▶ Task prompt: Only one stretch of the data below is needed: the line with "Thực đơn của" through the last line. Output it exactly and drop the pictures.

▶ Records for processing:
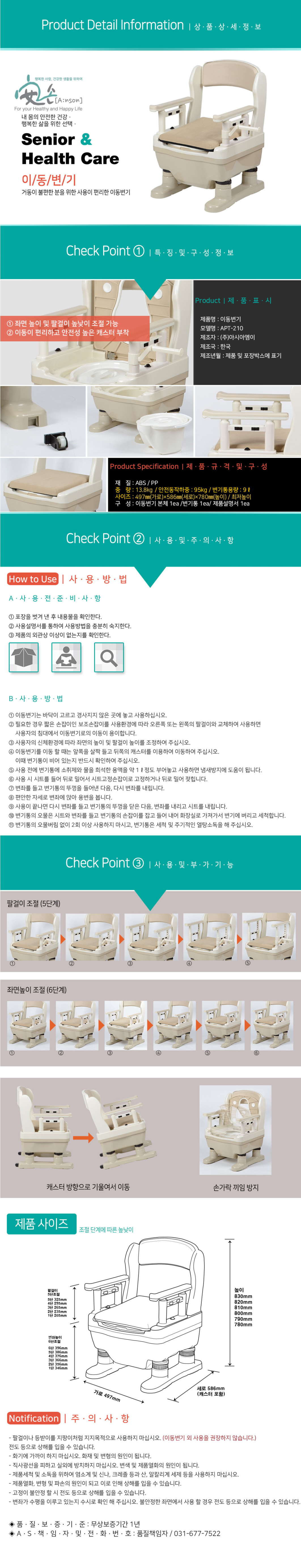 복지용구 이동변기 노인 환자용 높이조절 APT-210
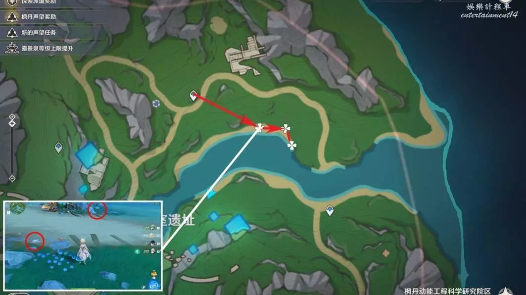 (2)位於楓丹,建議在隊伍中加入林尼,天賦可以標記特產位置
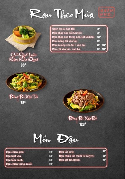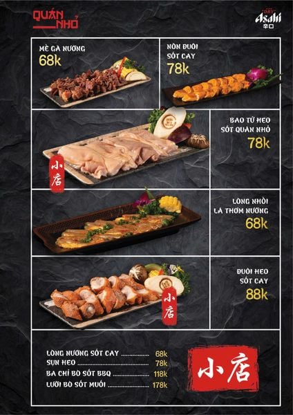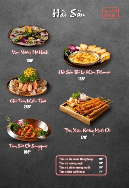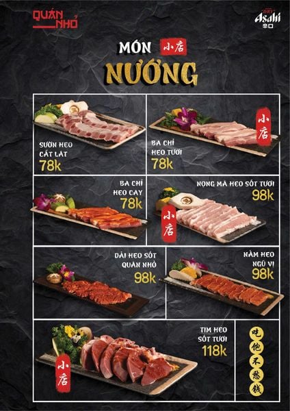 Thực đơn của Quán Nhỏ Vĩnh Tuy khiến bất cứ ai cũng phải ấn tượng bởi sự đa dạng và phong phú. Mỗi món ăn ở đây đều được chế biến cầu kỳ, giữ trọn vị ngon tự nhiên của nguyên liệu. Một số món nổi bật có thể kể đến như Bò thiết bản sốt tiêu đen ăn kèm cơm cháy – hương vị thơm nức, cay nhẹ và giòn rụm; Ngan cháy tỏi đậm vị, hấp dẫn ngay từ miếng đầu tiên; hay Tôm sú nướng muối ớt, Tôm tắm sốt Thái mang hơi hướng ẩm thực Á Đông hiện đại. Ngoài ra, những món ăn dân dã như Tràng heo cháy tỏi, Lẩu bò tứ quý, Lẩu chim câu cũng được lòng thực khách nhờ hương vị đặc trưng, vừa ngon vừa ấm bụng.
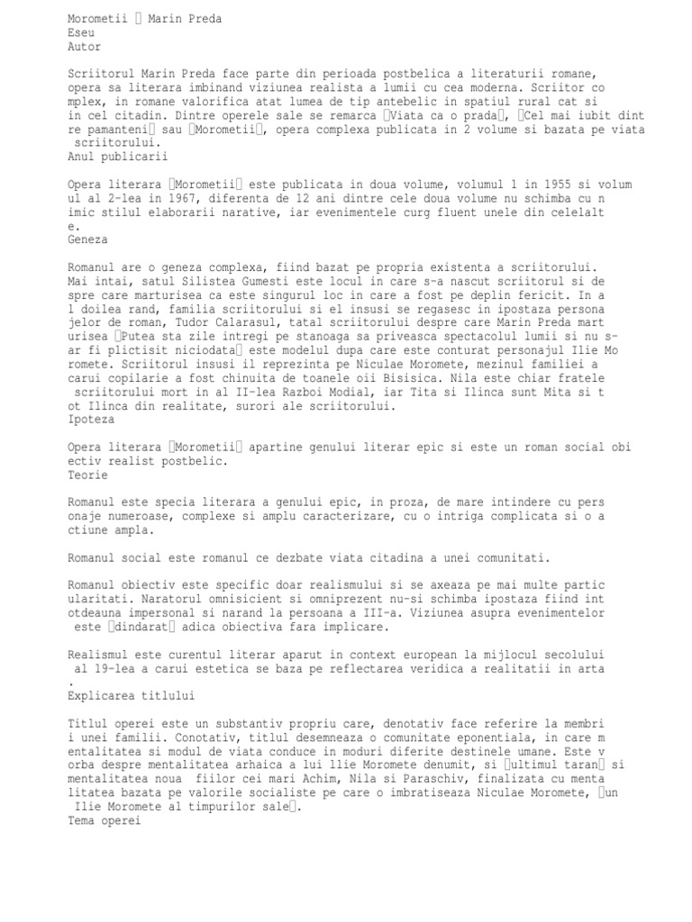 Morometii Eseu Tema Si Viziunea
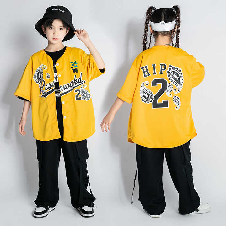 Traje de moda Hop para niños Vestido de baile de jazz Hop de manga corta para niños Traje de actuación para niñas
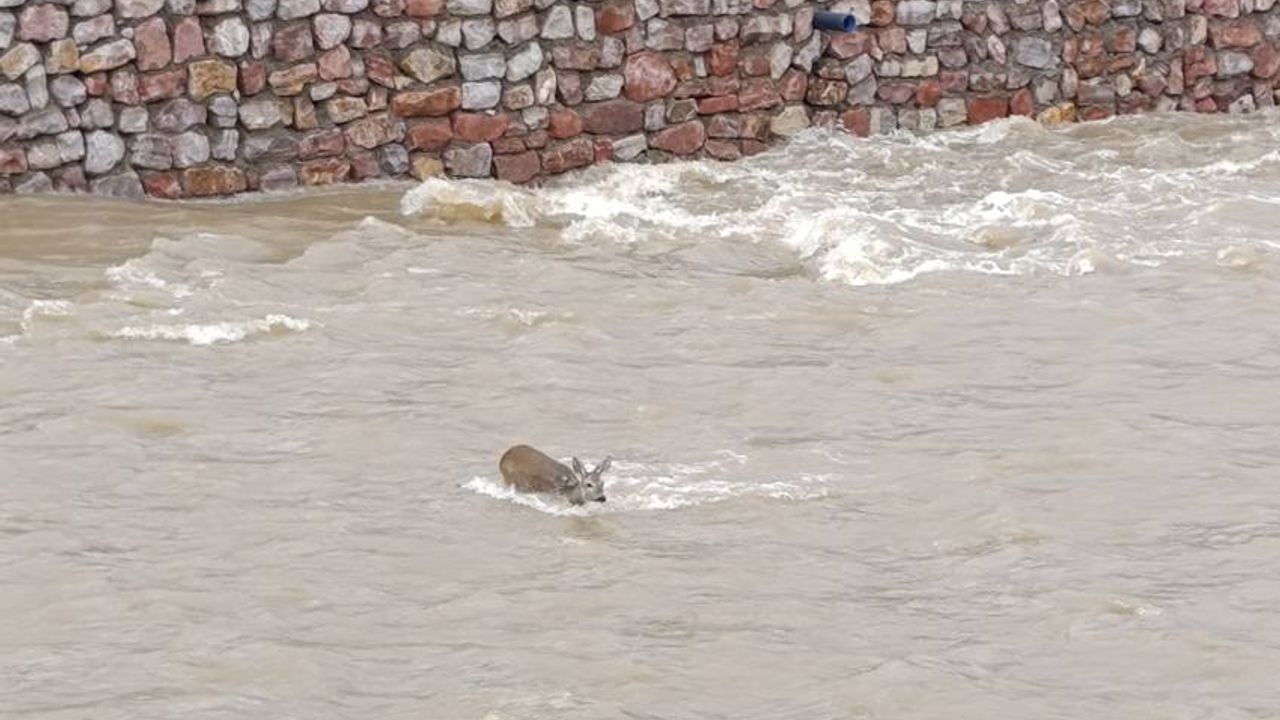 Yaralanmadığı belirlenen karaca, doğal yaşam alanına bırakıldı. Karacanın suda sürüklendiği anlar ise vatandaşlar tarafından cep telefonuyla görüntülendi.

▶ Solution to the problem:
 Thực đơn của Quán Nhỏ Vĩnh Tuy khiến bất cứ ai cũng phải ấn tượng bởi sự đa dạng và phong phú. Mỗi món ăn ở đây đều được chế biến cầu kỳ, giữ trọn vị ngon tự nhiên của nguyên liệu. Một số món nổi bật có thể kể đến như Bò thiết bản sốt tiêu đen ăn kèm cơm cháy – hương vị thơm nức, cay nhẹ và giòn rụm; Ngan cháy tỏi đậm vị, hấp dẫn ngay từ miếng đầu tiên; hay Tôm sú nướng muối ớt, Tôm tắm sốt Thái mang hơi hướng ẩm thực Á Đông hiện đại. Ngoài ra, những món ăn dân dã như Tràng heo cháy tỏi, Lẩu bò tứ quý, Lẩu chim câu cũng được lòng thực khách nhờ hương vị đặc trưng, vừa ngon vừa ấm bụng.
 Morometii Eseu Tema Si Viziunea
 Traje de moda Hop para niños Vestido de baile de jazz Hop de manga corta para niños Traje de actuación para niñas
 Yaralanmadığı belirlenen karaca, doğal yaşam alanına bırakıldı. Karacanın suda sürüklendiği anlar ise vatandaşlar tarafından cep telefonuyla görüntülendi.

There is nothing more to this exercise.